= Pat Furgurson III =

Ernest Baker "Pat" Furgurson III (1954–2024) was an American journalist.

==Early life and education==
Ernest Baker Furgurson III was born on November 2, 1954, in San Diego to Ernest Jr., a foreign correspondent and Civil War author, and Mary Louise (Stallings) Furgurson, a real estate agent. The family resided in Moscow for three years during his father's assignment.

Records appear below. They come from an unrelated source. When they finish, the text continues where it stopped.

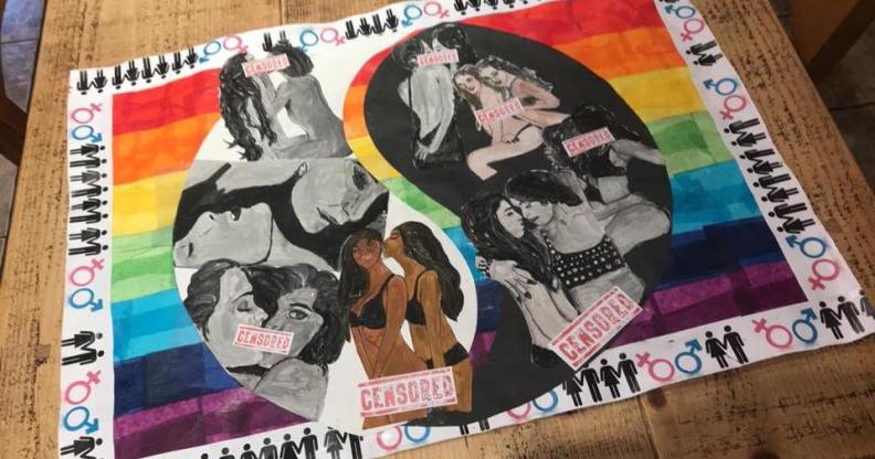 School put censor stickers on student’s school artwork because it showed lesbian lovers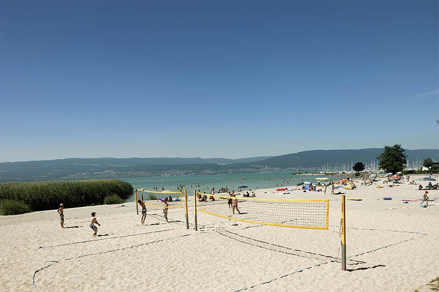 Avec sa magnifique étendue de sable fin et sa partie gazonnée, la plage de Portalban donne à tous ceux qui y posent le pied l’impression de se retrouver en vacances. Ici, estivants et habitants de la région se retrouvent pour profiter de la quiétude du bord du lac, pour s’adonner aux activités estivales comme le beach-volley ou la pétanque, ou pour suivre les chemins pédestres s’enfonçant dans les marais.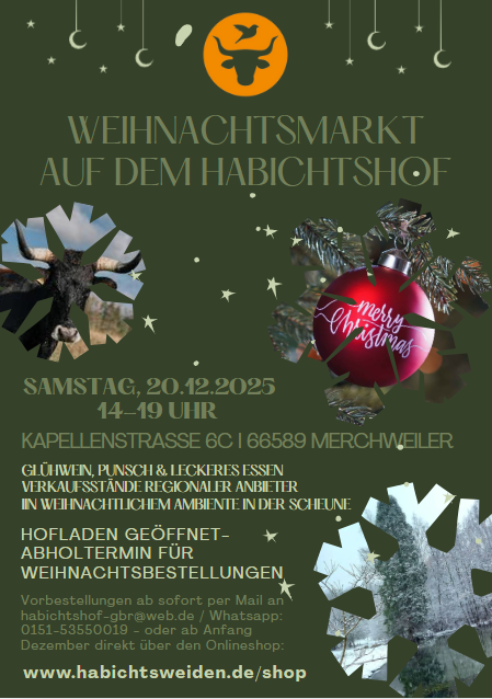 SAMSTAG, 20.12.2025 I 14-19 Uhr I Hofladen Habichtshof I Kapellenstraße 6c 66589 Merchweiler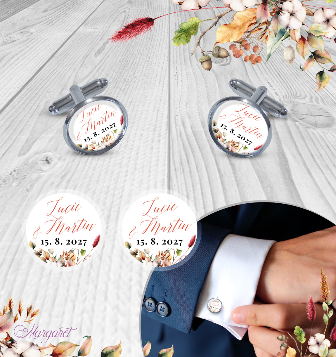 Krásný doplněk nebo dárek pro ženicha – manžetové knoflíčky s motivem svatby a Vašimi iniciály.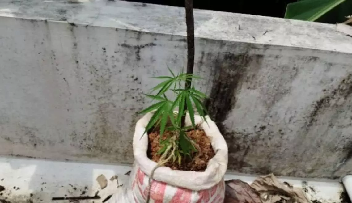 ടെറസിൽ ചാക്കുകളിൽ നട്ടു വളർത്തിയ രണ്ടു കഞ്ചാവു ചെടികളാണ് അപ്രതീക്ഷിതമായി ഇവിടെ എത്തിയ പഞ്ചായത്ത് ജീവനക്കാർ കാണാനിടയായത്. തുടർന്ന് പോലീസിൽ വിവരം അറിയിക്കുകയായിരുന്നു.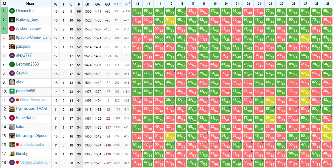 - после 18-го тура и в последующие туры из группы выбывают по 2 худших игрока: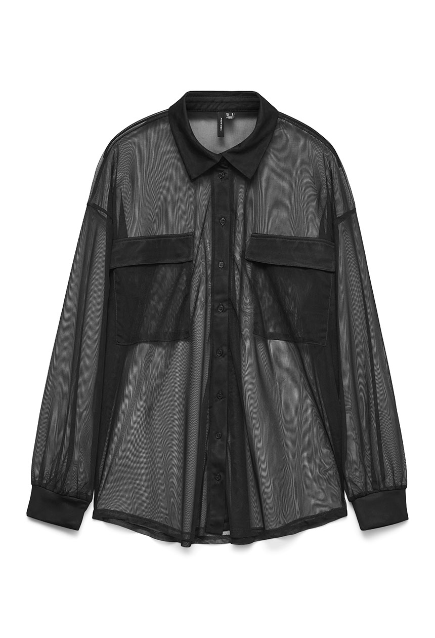 Πουκάμισο ημιδιάφανο, σε μακριά ριχτή γραμμή,τετράγωνες τσέπες μπροστά,λεπτή μανσέτα,γιακάς,κλείνει με κουμπιά.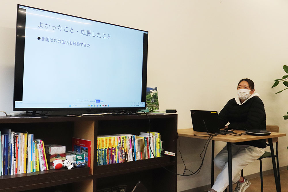 プレゼンテーション後の質疑応答では、国際交流センター 南津佳広 副センター長から「短期留学を経て、改めて日本を見つめ直すと日本はどのような国ですか」と質問があり、学生は「日本は安心や安全が保障されている国だと再確認しました」「オーストラリアは街中にごみ箱があるため、裸足で公園を歩けるほどきれいですが、日本はごみ箱がなくてもきれいです。それは日本人がごみを持ち帰っているからで、街がきれいな理由にも文化の違いを感じることができました」と留学先での学びを活かし質問に答えていました。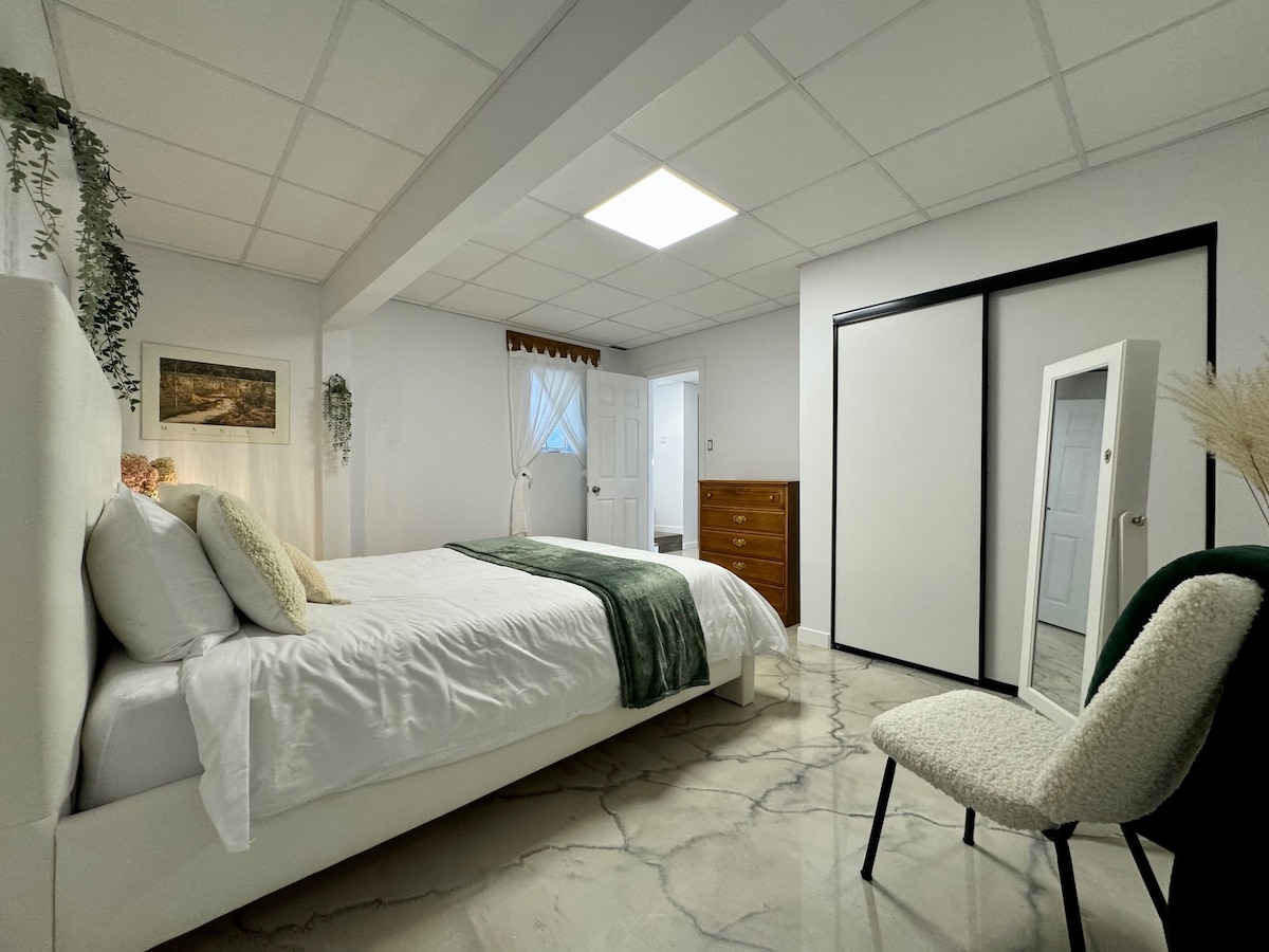 Évadez-vous dans cette suite lumineuse et confortable dans le sous-sol du Vieux-Chelsea ! Profitez d'un matelas confortable en mémoire de forme Casper, d'une cuisine entièrement équipée, d'une connexion Wi-Fi ultra-rapide, d'un poste de travail et d'un stationnement gratuit. À proximité, vous trouverez des cafés, des restaurants, le Nordik Spa et le parc de la Gatineau pour les activités de plein air. Ottawa est à seulement 10 minutes pour la culture et le divertissement. Avec la climatisation, la buanderie et l'entrée sans clé, vous aurez tout ce dont vous avez besoin pour un séjour sans stress. Entrée partagée et les hôtes occupent les étages supérieurs.
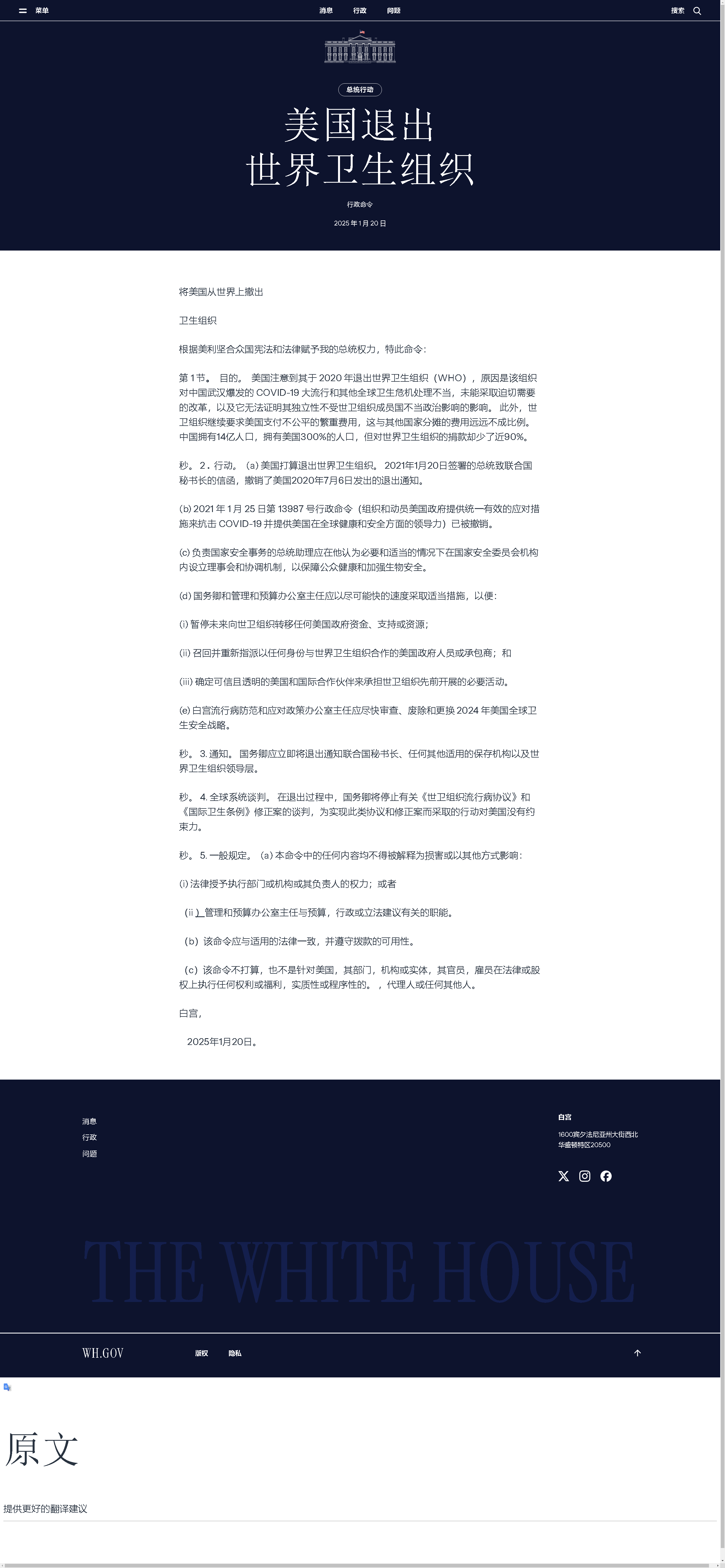 白宫发布的行政令称,美国国务卿应将美国这一决定立即通知联合国秘书长和世卫组织领导层。行政令还要求尽快采取适当措施,暂停向世卫组织提供任何来自美国政府的资金、支持和资源。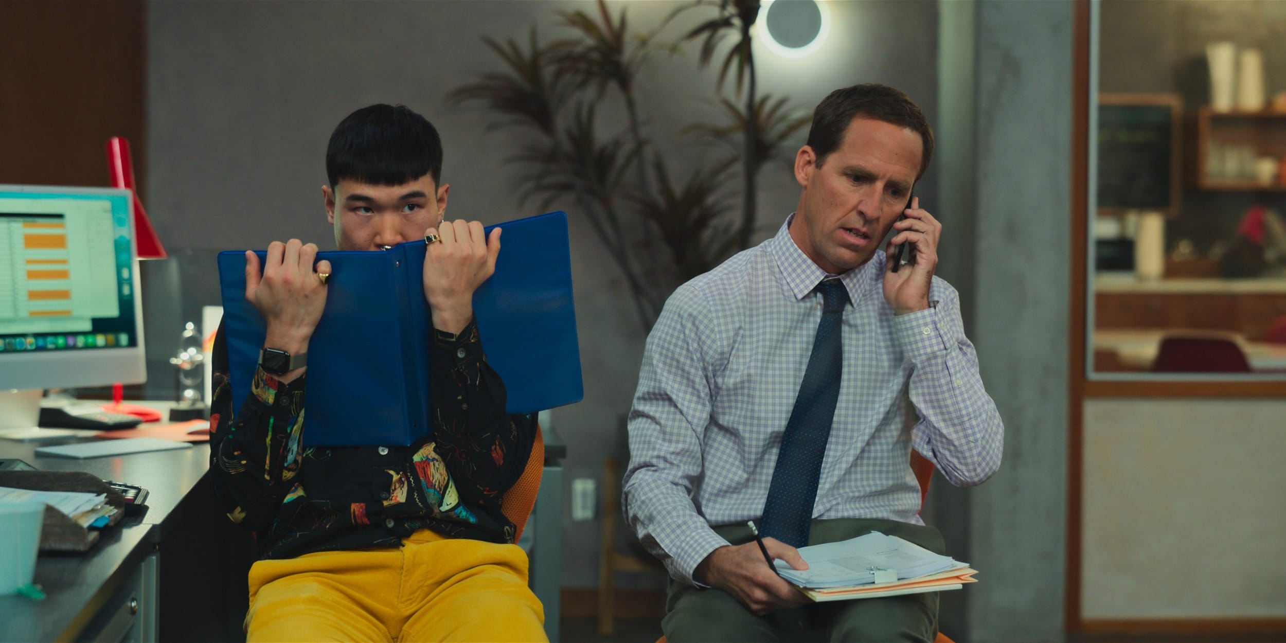 Nicholas (Joel Kim Booster) and Arthur (Nat Faxon) are the only people in the office when Sofia (MJ Rodriguez) gets some flowers delivered. She sees them and retreats to her office to scream at the man who sent them over the phone.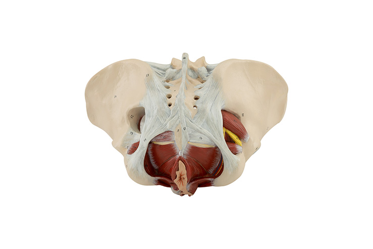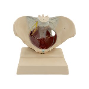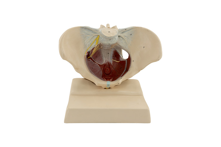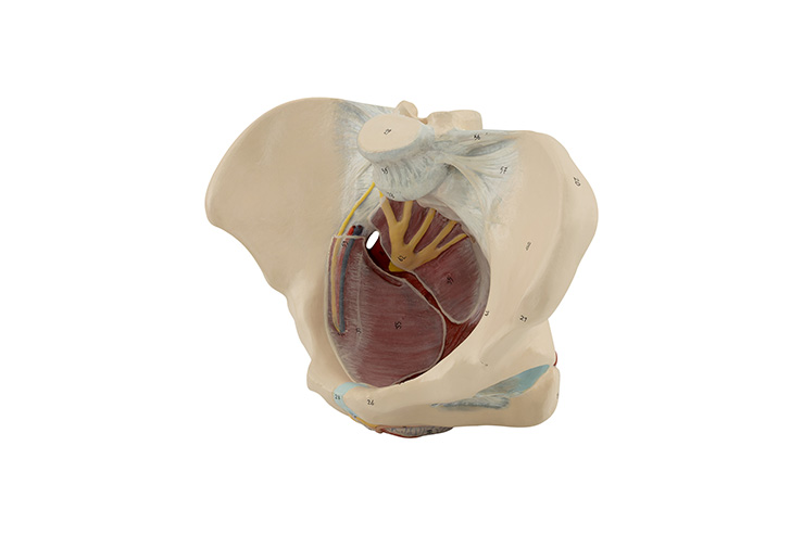 The model, crafted from specialized plastic, is life-sized. The model is in one piece and shows the pelvic muscles and nerves. It stands on a removable base.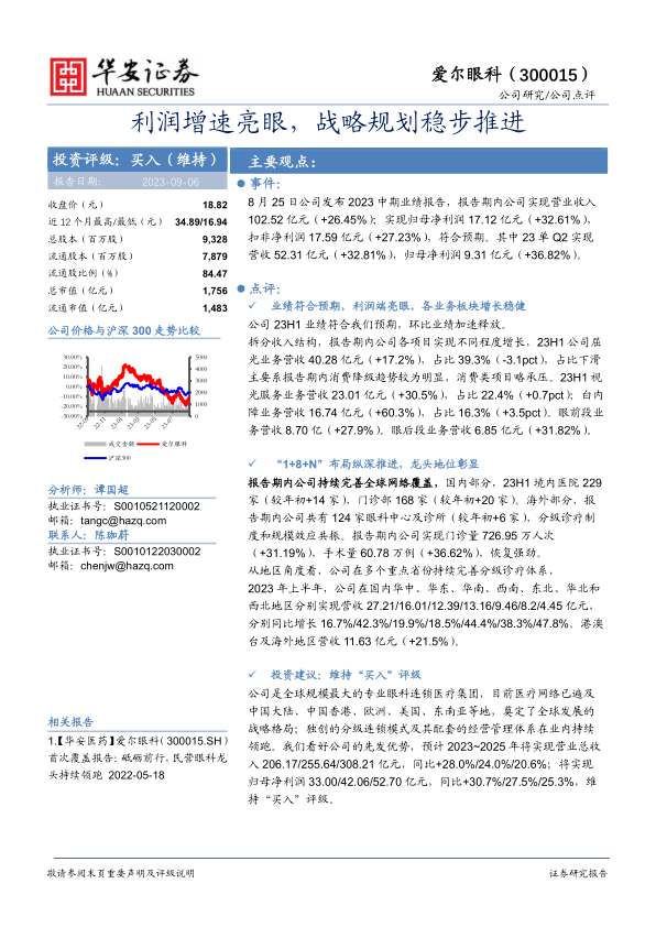 本报告对爱尔眼科2023年中期业绩进行了分析,并维持“买入”评级。核心观点如下: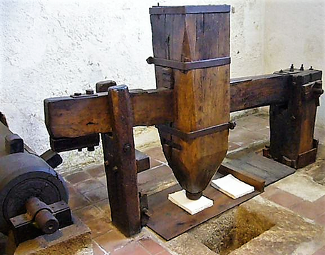De eerste papiermachine, die het begin inluidde van handmatig papier scheppen / maken naar het machinaal produceren van papier.
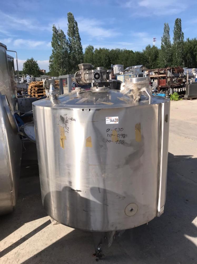 Емкость нержавеющая объемом 1000л (1 куб.м.) с паровой рубашкой, рамной мешалкой, мотор-редуктором.

Furgurson attended Davis & Elkins College in Elkins, West Virginia, where he interned at The Sun and The Associated Press in 1976 and worked as a reporter for The Inter-Mountain in 1979. He graduated in 1980 with a bachelor's degree in history. He obtained a second bachelor's degree in interdisciplinary studies from the University of Maryland, Baltimore County in 1999.

==Career==
After college, Furgurson began his career in the culinary field, working as a chef in West Virginia and Maryland and later served as purchasing director at a hotel in Annapolis. He also appeared as a chef on a public television cooking show. His transition back to journalism occurred after an interaction with Tom Marquardt, then managing editor of The Capital, who encouraged him to enter reporting.

In the late 1990s, Furgurson joined The Capital, covering areas in rural south county Maryland and environmental and cultural topics. Furgurson was part of the newspaper's coverage of a major incident involving the killing of journalists, which received a Pulitzer Prize citation. In 2018, he was among the staff featured on a TIME magazine cover recognizing journalists.

Furgurson remained with The Capital until 2020 when he accepted a buyout from Tribune Publishing.